Il tiro di Cigliani nuovamente al servizio della Pallacanestro Vigarano

Pallacanestro Vigarano annuncia con piacere il ritorno al PalaVigarano di una protagonista del proprio recente passato, Irene Cigliani.

Nata a Trieste, il 15 febbraio 1992, può ricoprire i ruoli di tiratore nelle posizioni di due e tre, sfruttando il proprio grande talento nel tiro dalla media/lunga distanza. Per Cigliani un gradito ritorno, vista la presenza in maglia Vassalli 2G nell’annata 2013/14 dove ha raggiunto la promozione in Serie A1 e la finale di Coppa Italia A2 2014 a Napoli.

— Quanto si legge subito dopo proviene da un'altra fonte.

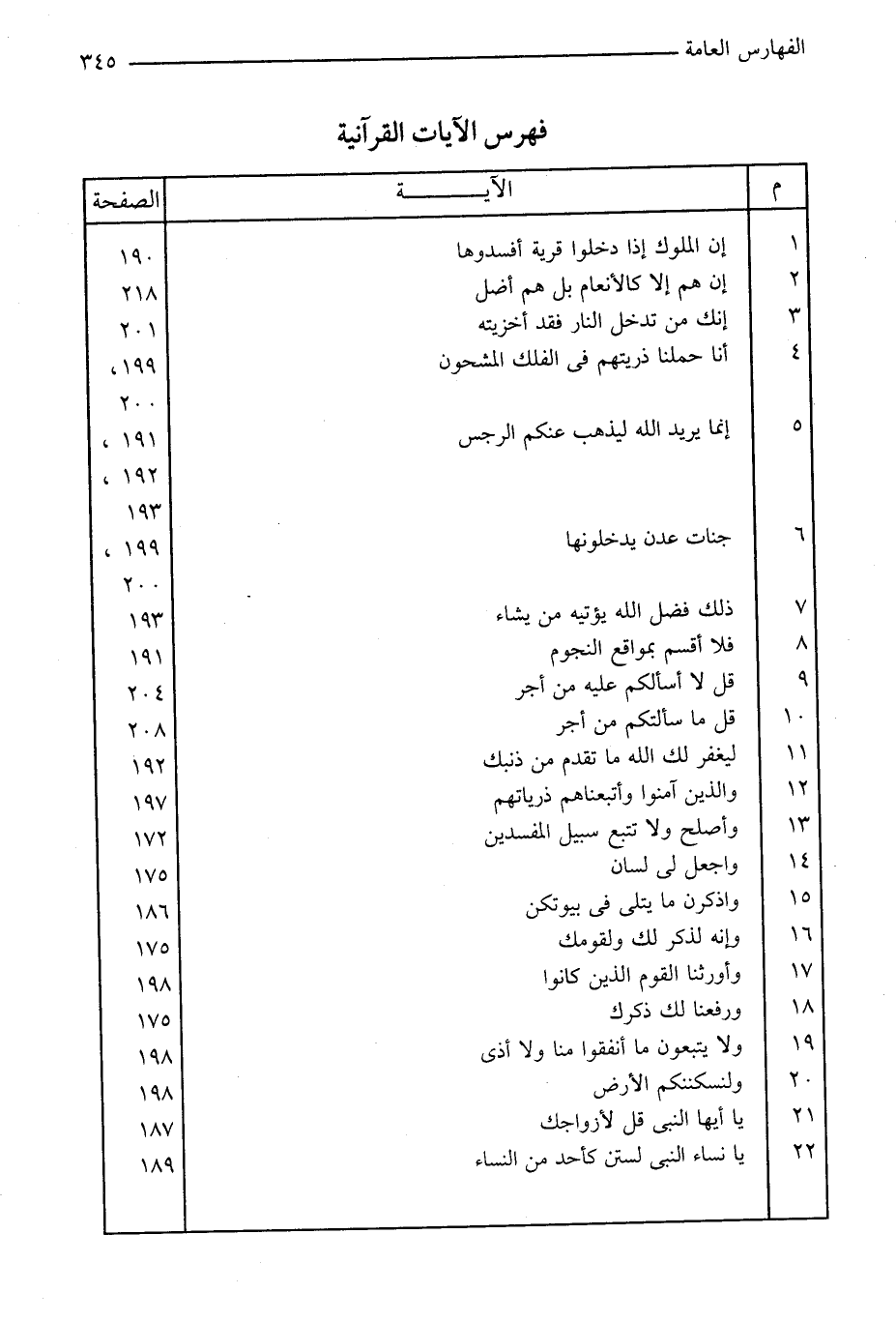 م: الآية: الصفحة 1: إن الملوك إذا دخلوا قرية أفسدوها: 190 2: إن هم إلا كالأنعام بل هم أضل: 218 3: إنك من تدخل النار فقد أخزيته: 201 4: أنا حملنا ذريتهم فى الفلك المشحون: 199، 200 5: إنما يريد الله ليذهب عنكم الرجس: 191، 192، 193 6: جنات عدن يدخلونها: 199، 200 7: ذلك فضل الله يؤتيه من يشاء: 193 8: فلا أقسم بمواقع النجوم: 191 9: قل لا أسألكم عليه من أجر: 204 10: قل ما سألتكم من أجر: 208 11: ليغفر لك الله ما تقدم من ذنبك: 192 12: والذين آمنوا وأتبعناهم ذرياتهم: 197 13: وأصلح ولا تتبع سبيل المفسدين: 172 14: واجعل لى لسان: 175 15: واذكرن ما يتلى فى بيوتكن: 186 16: وإنه لذكر لك ولقومك: 175 17: وأورثنا القوم الذين كانوا: 198 18: ورفعنا لك ذكرك: 175 19: ولا يتبعون ما أنفقوا منا ولا أذى: 198 20: ولنسكننكم الأرض: 198 21: يا أيها النبى قل لأزواجك: 187 22: يا نساء النبى لستن كأحد من النساء: 189

Dopo l’inizio di carriera a Trieste nella Ginnastica Triestina, viene acquistata da Bologna. Il club felsineo la gira però subito in prestito a Cervia, allora guidata da Lanfranco Giordani con cui ottiene una salvezza a fronte di un roster giovanissimo, ma di talento (Santarelli, Rulli, Nori, Ramò, Morsiani, Carangelo per esempio) dove conquista il Titolo Italiano U19 a Caltanissetta.

L’anno dopo lo sbarco sotto le due torri, guidata da Gigi Piatti, nella Meccanica Nova che arriva fino alla finale promozione (persa 2-1 proprio contro la Vassalli 2G), quindi successivamente nello spareggio con l’Azzurra Orvieto. Nel 2012 centra anche la Coppa Italia di A2 vinta al PalaDozza. Cigliani innescata da Zanoli e Nannucci firma oltre 60 canestri dall’arco con il 33% sfiorando la doppia cifra di media (9.7pt). L’anno successivo conquista i PlayOff, quindi l’arrivo al PalaVigarano.

L’ultima stagione è ancora a Bologna, pur con qualche fastidio muscolare che l’ha frenata soprattutto nel finale, va in doppia cifra in 11 gare (Season High 19pt) e porta a coach Lolli interessanti soluzioni di tiro sul perimetro.

Chiusa l’esperienza con il club bolognese, ecco ora il ritorno a Vigarano. Questa volta nella massima serie, categoria in cui Cigliani pur dotata di grande esperienza, anche con la maglia azzurra, si cala con grande umiltà e voglia. Sarà una nuova sfida da vincere tutti insieme.

Sul fronte personale Irene è a pochi esami dalla laurea in Scienze della Formazione.

Nelle ultime settimane ha lavorato forte in palestra e sala pesi, con un lavoro specifico sia di recupero che prevenzione, per farsi trovare all’appuntamento con la Serie A1, più che pronta.

La squadra intanto si avvia rapidamente verso la sua formazione definitiva, con la sola posizione della regista di riserva ancora in via di definizione; la società ha contatti ben avviati con diversi prospetti e a breve andrà a chiudere il roster nei primi giorni del mese corrente.

Avere Cigliani e Capoferri è garanzia di qualità sul perimetro, con due tra i migliori tiratori della A2 delle ultime stagioni, in grado di punire in qualunque momento eventuali raddoppi o una difesa a zona molto chiusa in area. Una risorsa in più per la panchina biancorossa. “Cercavamo un elemento che potesse garantirci punti in uscita dalla panchina” introduce coach Savini Ho parlato lungamente con Irene per spiegarle cosa ho in mente e cosa mi aspetto da lei. Ho trovato grande disponibilità sin dalle prime battute, una giocatrice più matura e dalle maggiori sicurezze rispetto al passato. A 23 anni, gli ho proposto di salire a bordo di questa avventura. Pur avendo diverse offerte anche da altre squadre e tantissimi club di A2, ha accettato di buon grado il progetto. Per un allenatore poter contare su qualità specifiche amplia le possibilità tattiche della propria squadra, e questo è solo un vantaggio. Abbiamo condiviso la necessità in estate di mettersi in riga fisicamente, con il recupero dagli infortuni ormai completato, è in corso tutt’ora un programma di potenziamento e prevenzione, soprattutto nella parte inferiore del corpo che non potrà che farle bene. Avere Alice Orsini è ovviamente una garanzia al riguardo, sono molto sereno. Come me, Irene non vede l’ora di iniziare, e questo è un ottimo segno da cui partire. Avrò a disposizione due dei migliori tiratori della A2 degli ultimi anni, avere fiuto per il canestro e grande precisione al tiro è una risorsa che potrà sempre tornare utile. Dovremo essere bravi a saperle innescare e sfruttare, nella massima serie la fisicità è molto alta, per questo la circolazione della palla sarà un aspetto importante, insieme ai tempi. Martina e Irene spero nel caso sapranno fare buon uso del vantaggio che questa circolazione potrà portare”.